> _WHAT THE EXERCISE ASKS_: The result should be the lines from the one holding "Handcrafted 22k gold" to the final line of the records below, repeated exactly and with no pictures.

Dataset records
= = =
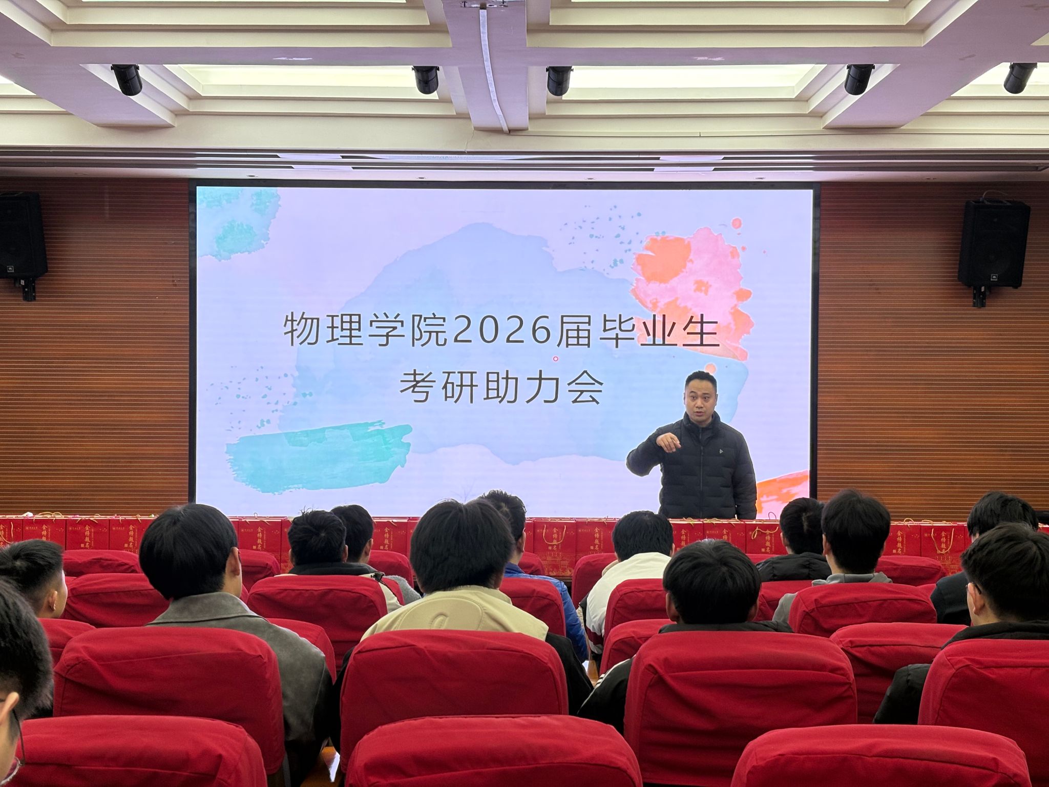 2026年全国硕士研究生招生考试即将到来,为帮助考研学子缓解备考压力、增强冲刺信心,我院于12月10日晚在物理B楼107报告厅举办2026届毕业生考研助力活动,现场发放“考研加油包”,为即将步入考场的学子送上学院的温暖与祝福。院党委副书记王逸楠、本科生辅导员参加此次活动,与学子们共同迎接这一暖心时刻。
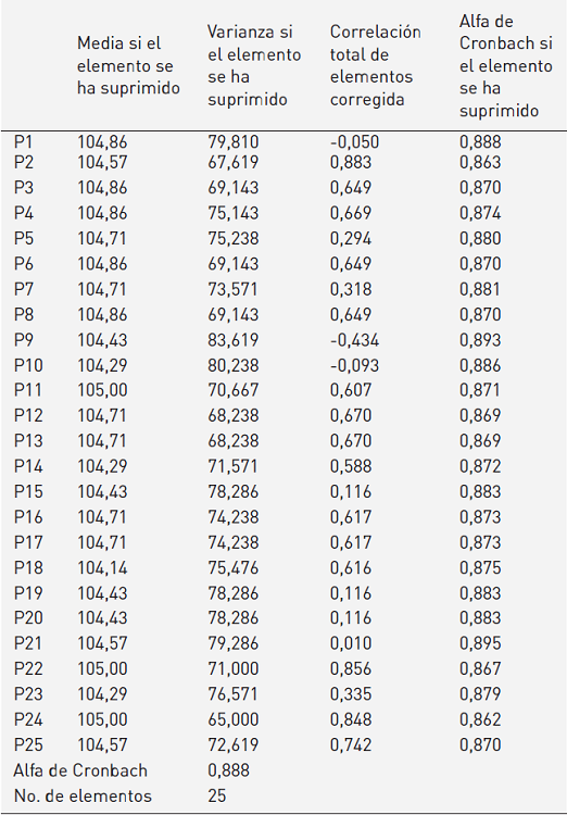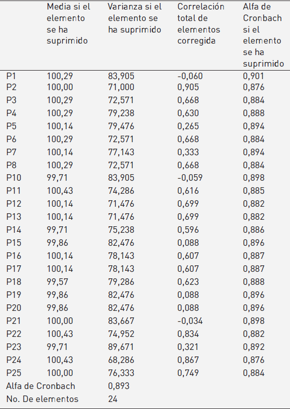 Al realizar nuevamente el análisis de confiabilidad considerando la exclusión del ítem 9, se observa mejoría en el valor del coeficiente de Alfa de Cronbach que llega hasta 0,893 (tabla 4), lo que según Muñiz et al. (2005) es un valor bueno que garantiza la validez y confiabilidad del instrumento a utilizar. Observando los índices de discriminación mostrados en la tabla 4, se pueden identificar tres ítems (P1, P10 y P21) con valores negativos y que en el caso que se tome la decisión de eliminarlos de la prueba se podría aspirar a alcanzar un Alfa de Cronbach cercano a 0,901. Por decisión de los autores del presente artículo se concluye que dichos ítems se dejaran en la prueba a pesar de su escaso poder de discriminación.
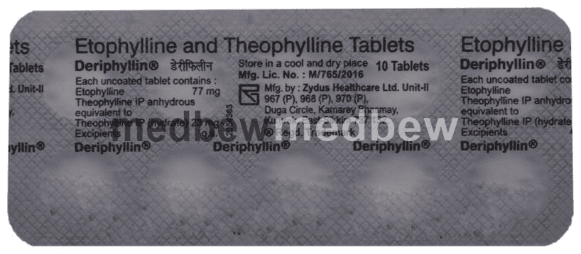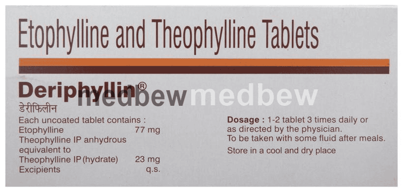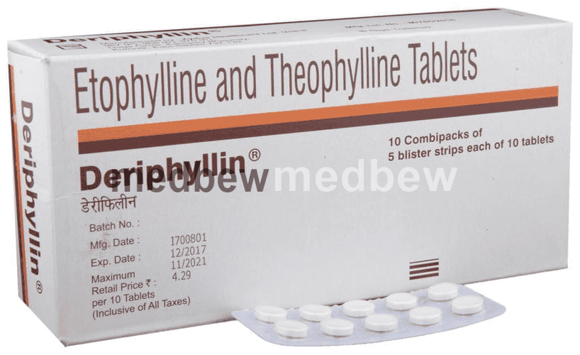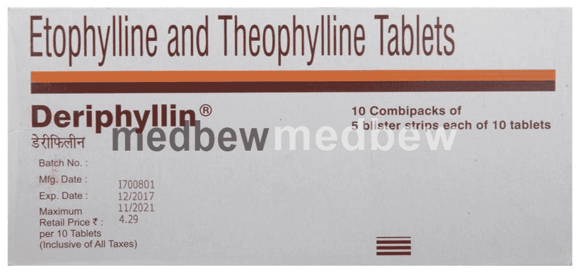 Deriphyllin Tablet is used to treat asthma and chronic obstructive pulmonary disorder (a lung disorder in which the flow of air to the lungs is blocked). It helps in relaxing the muscles of the air passages and making it easier to breathe.
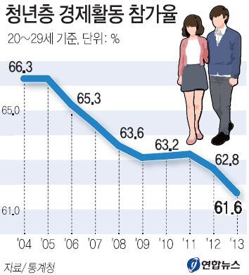 20~29세 청년층의 경제활동 참가율은 10년전인 2004년 66.3%로 정점을 찍은 뒤 줄곧 하락해 작년 61.6%까지 하락했다. 2004년에는 707만명 가운데 469만명이 직업 전선에 뛰어들었지만 2013년에는 628만5000명중 387만4000명이 일을 하고 있다. 9년만에 82만명이 감소해 매년 10만명 가량이 줄어든 것으로 계산됐다.
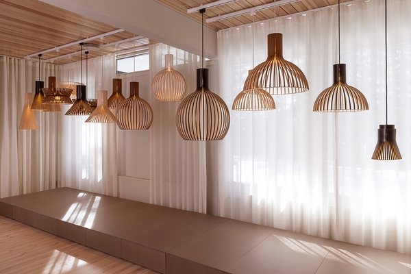 The minimalistic designs of Secto Design lamps, resulting from prototypes and experiments with the possibilities of wood, offer harmonious and warm light without a blinding shine due to their part-concealed light source. As such, they are suitable for public and private interiors creating, in Seppo Koho’s own words, ”lit-up spaces.” In ancient times, birchwood was regarded as the guardian of the people. That tradition continues in Secto Design lamps.
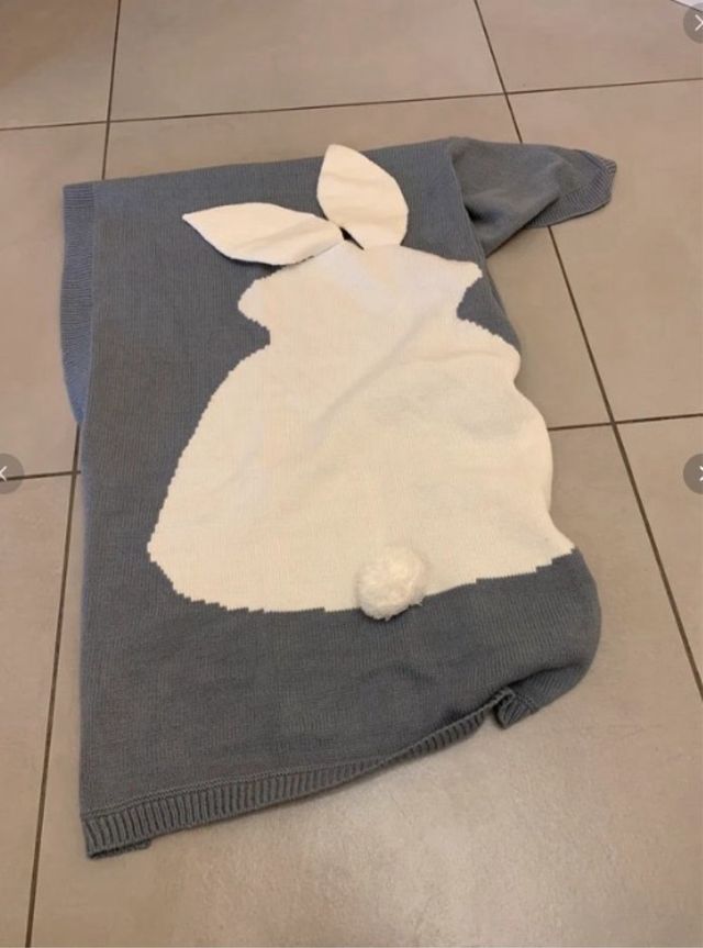 Morbida copertina per neonato in maglia grigia, decorata con un simpatico coniglio bianco. - Dettagli a forma di orecchie e codino. - Bordo rifinito a costine.
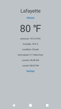 2. Provides details such as pressure, humidity level, cloud conditions, wind speed, sunrise and sunset time
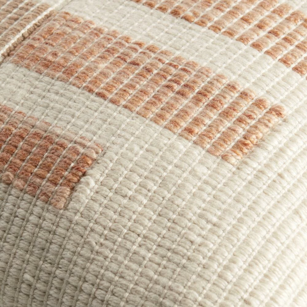 Kick back and relax in modern fashion with our geometric indoor-outdoor throw pillow. Complete with a removable insert, this toss pillow is consciously crafted with an innovative recycling process that reuses discarded water bottles. Showcasing earthy orange and tan stripes on an ivory ground, this sustainably minded home decor piles on the plush comfort in any seating area.
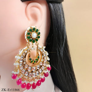 Handcrafted 22k gold plated earrings studded with kundan, emerald and pink zirconia.
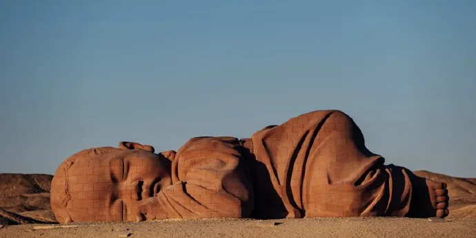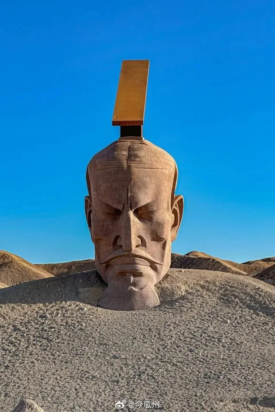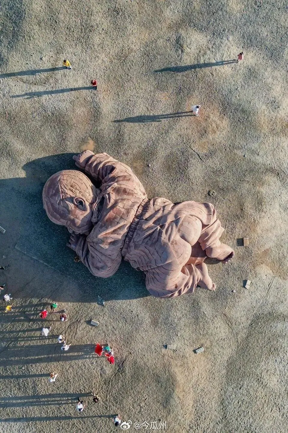 巨大的婴儿雕塑趴在戈壁上,与冬日苍茫的大地形成奇妙呼应。
= = =
> _WRITTEN ANSWER_:
 Handcrafted 22k gold plated earrings studded with kundan, emerald and pink zirconia.
 巨大的婴儿雕塑趴在戈壁上,与冬日苍茫的大地形成奇妙呼应。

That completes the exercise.